Marketing Treated as Early Step in Process
The best marketing strategies are often those that are designed in tandem with the services to which they refer. The advertising materials should not come after the timetables. In many cases, the need to create excitement and disseminate information, to both the public and the press, can take precedence over hard-core planning elements.
That approach is working at L.A. Metro, according to Lejeune. “We now find that operations calls us,” he said. “Planning brings us in early on in any big process.”
Agencies just have to be careful. Walker highlighted the newly designed bus shelters for the San Francisco Municipal Transportation Agency, praising them for being both distinctive and easily replicable.

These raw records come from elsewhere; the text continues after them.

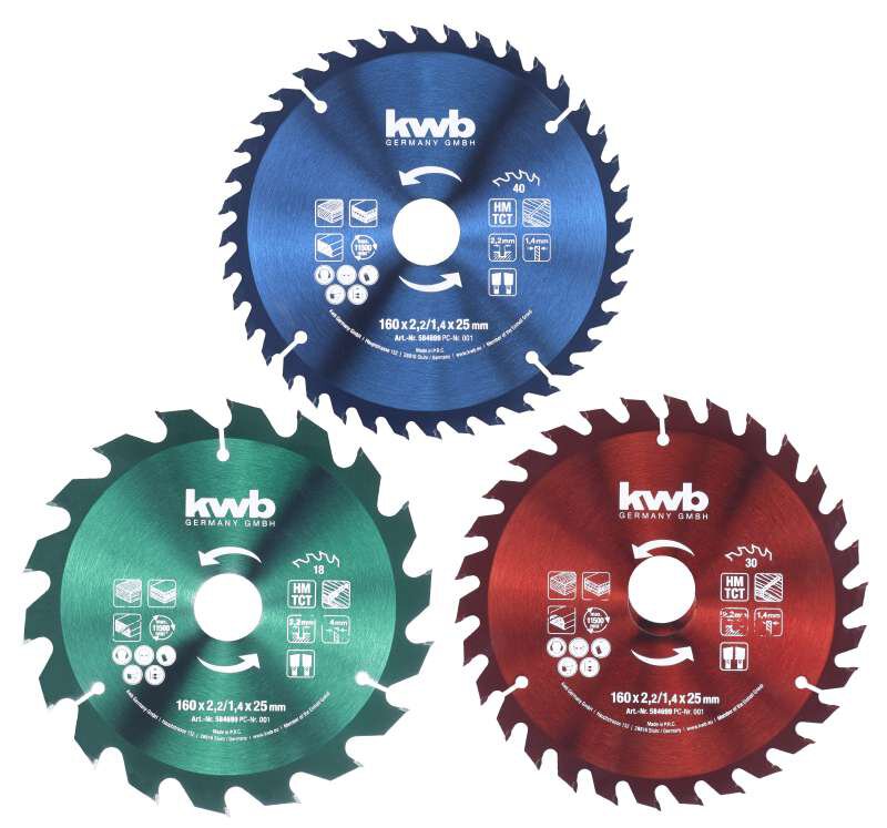 Von Grund auf clever ausgestattet! Diese 3-teiligen Kreissägeblattsätze sind die ideale Grundausstattung für die Kreissäge. Jedes Set enthält jeweils ein Sägeblatt für eine feine, eines für eine mittlere und eines für eine grobe Schnittgüte. Besonders praktisch: Alle Blätter sind unterschiedlich eingefärbt – so ist die Schnittgüte jedes Blattes auf einen Blick erkennbar. So unterschiedlich die Farbgebung, so gleich die Leistungsfähigkeit: Alle Blätter der Sets haben Hartmetallzähne, die für besondere Robustheit und Langlebigkeit sorgen. Die Zähne weisen eine positive Zahnstellung auf und arbeiten sich damit zuverlässig durch diverse Materialien. Die Wechselzahnstellung ermöglicht das Schneiden in Längs- und Querrichtung, was das Arbeiten mit den Sägeblättern vereinfacht. Alle Sets enthalten Reduzierringe. Zu jedem 3-teiligen Kreissägeblattsatz gehört ein praktischer Kunststofftray, in dem die Kreissägeblätter sicher aufbewahrt werden können. Er bietet außerdem weiteren Platz für bereits vorhandene Sägeblätter. Die Kreissägeblätter dieser Sets können verwendet werden mit den gängigen Handkreissägen sowie Kapp- und Gehrungssägen. Anzahl Zähne: 18, 30, 40
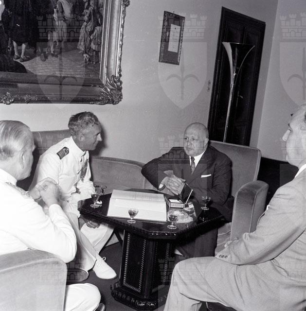 Giungono a Trieste l'incrociatore Gambia, i cacciatorpediniere Dainty e Delight. Il capitano di vascello W. J. Munn saluta il sindaco Franzil accompagnato dal console inglese Neville Terry.
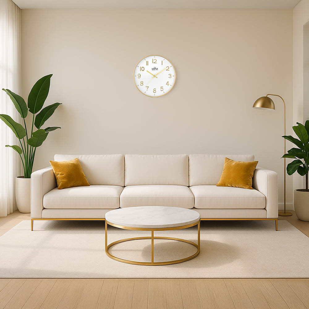 Nástěnné plastové hodiny s pozlacenými komponenty. Hodiny jsou osazeny kvalitním strojkem zajišťující plynulý pohyb sekundové ručičky. Elegantní vzhled těchto hodin skvěle podtrhne atmosféru vašeho domova.

They are in ironic contrast with new shelters in Santa Monica, California, that have been derided as insubstantial; they were designed by an architecture firm with no particular expertise in transit.

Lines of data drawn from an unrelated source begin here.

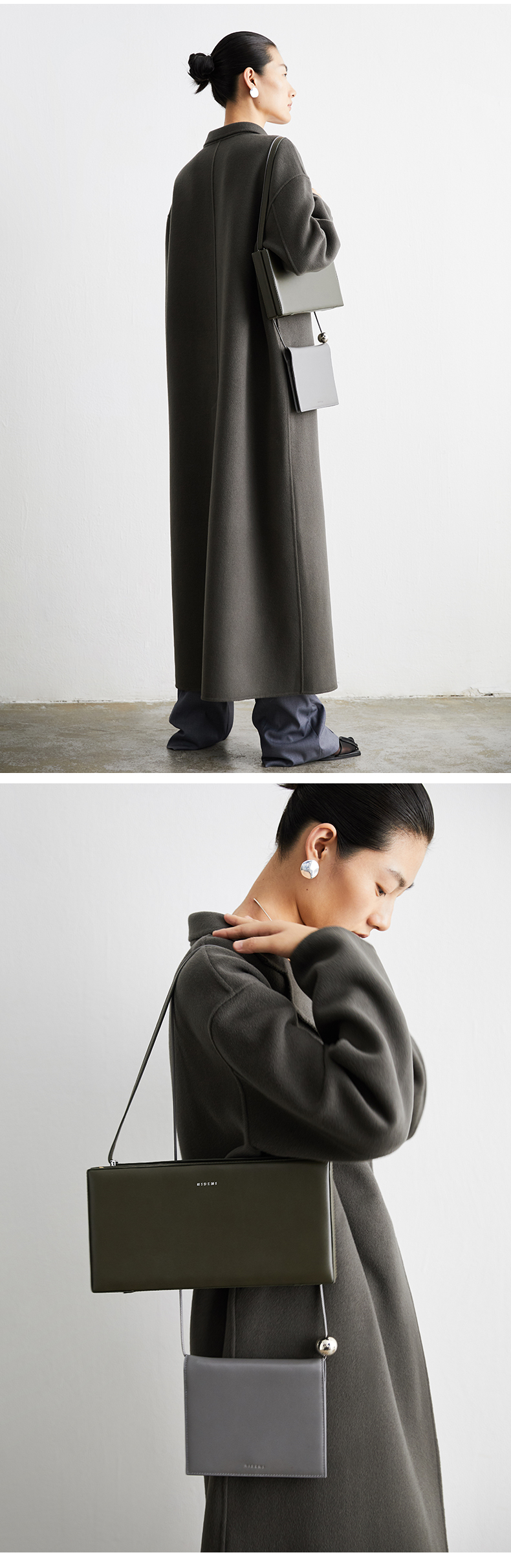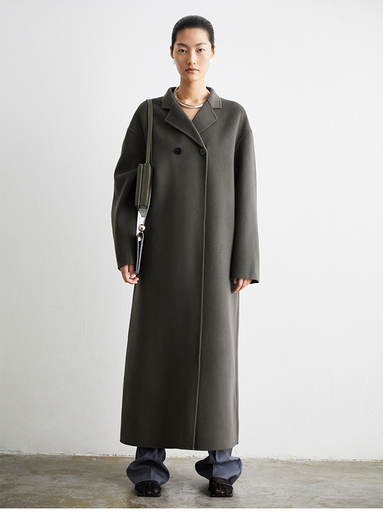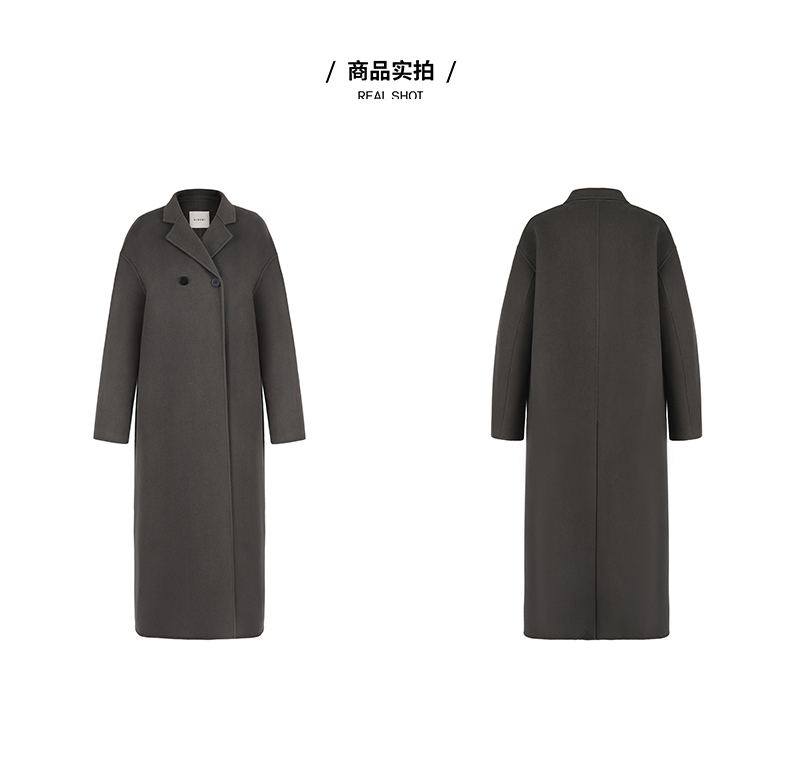 HIDEMI 深灰铜绿两粒扣简约设计感羊毛大衣
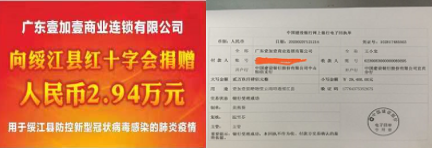 市工商联副主席单位广东壹加壹商业连锁公司向云南昭通绥江县捐赠物资29400元。
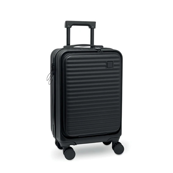Надежный черный 20-дюймовый пластиковый чемодан на колесиках. 1 основное отделение с внутренним карманом. Дополнительное переднее отделение на молнии для документов и отделение с мягкой подкладкой для 15-дюймового ноутбука.

“When architects and urban designers approach transit, they’re often approaching it from the outside, not from the perspective of really understanding what transit has to do,” Walker said.
No matter how many smiling faces board the Silver Line or sit under San Francisco’s shelters, American public transit still has a long way to go before it surpasses its all-time high of 23.4 million boardings in 1947. That may seem like a tall order. Then again, the transit promoters of 1947 didn’t have smartphones and viral videos to help them do their job.
Josh Stephens is a freelance writer based in Los Angeles.